А то варшавское восстание началось еще 1 августа по сигналу польского эмигрантского правительства из Лондона. Тогда 70-я армия, в составе которой нам довелось и обороняться, и наступать, как многие другие войска фронта, еще только завершала очищение района окружения Брестской группировки немцев. И хотя передовые части некоторых армий фронта к тому времени с ходу захватили Магнушевский плацдарм на Висле, в 50–60 км южнее Варшавы, сил для дальнейшего наступления не оставалось. Противник еще яростно сопротивлялся и наносил чувствительные удары по флангам войск фронта на других подступах к Висле.

Стало известно и о варшавском восстании. Сколько потом было истрачено чернил и извергнуто из лживых уст неправды, чтобы обвинить советское командование и лично Сталина в якобы умышленном нежелании помочь повстанцам! Но организаторы этого восстания, руководители так называемой Армии Крайовой (генерал Бур-Комаровский), толкнувшие варшавян на опасную авантюру, вовсе и не хотели этой помощи. Они просто старались помешать Красной Армии войти в Варшаву и «установить там свою, красно-коммунистическую власть». Боялись они, что она не даст им установить свою, поэтому старались не допустить даже контактов повстанцев с командованием Красной Армии.

Нам, благо погода стояла хорошая, из района нашей дислокации было хорошо видно, как над Варшавой однажды появилась армада американских бомбардировщиков, «летающих крепостей». Как стало ясно уже после войны из официальных источников, их было 80, не считая истребителей сопровождения, и летели они на большой высоте, более четырех с половиной километров, чтобы не попасть в зону зенитного огня немцев. Когда началась выброска на парашютах грузов, с такой высоты они рассеивались далеко за пределы повстанческих районов, часть грузов попадала либо в воды Вислы, либо даже к немцам. Немецким зениткам удалось сбить два самолета из этой армады, и больше «крепости» в небе над Варшавой не появлялись.

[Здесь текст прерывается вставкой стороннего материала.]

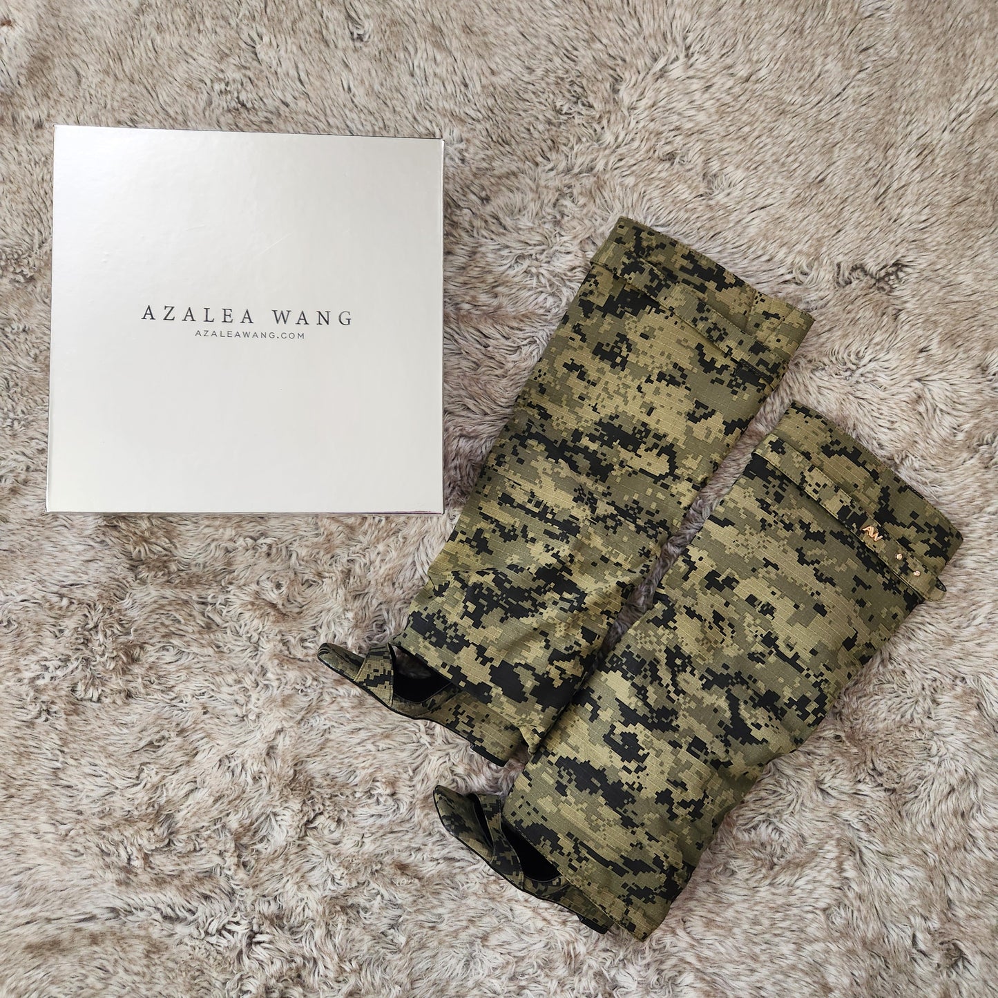 Step up your style with these bold knee-high camouflage sandal boots, featuring open toes and a sleek wedge heel for added height and comfort. Perfect for festival fashion or standout summer looks, these unique boots blend edgy military vibes with feminine flair.

Значительно позже нам стало известно: когда с середины сентября восстание стало безнадежно захлебываться, по запоздалой просьбе его руководителей, наконец-то вышедших на связь со штабом маршала Рокоссовского, наша авиация начала снабжение повстанцев. И уже 18 сентября руководивший восстанием генерал Бур-Комаровский по команде из Лондона вынужден был сообщить по английскому радио, что налажена связь с командованием «русского» фронта и что советские самолеты непрерывно сбрасывают восставшим боеприпасы и продовольствие. Наши самолеты, кроме этого, штурмовали и бомбили немецкие позиции по заявкам повстанцев. Однако эта помощь по вине руководства Армии Крайовой (АК) пришла слишком поздно.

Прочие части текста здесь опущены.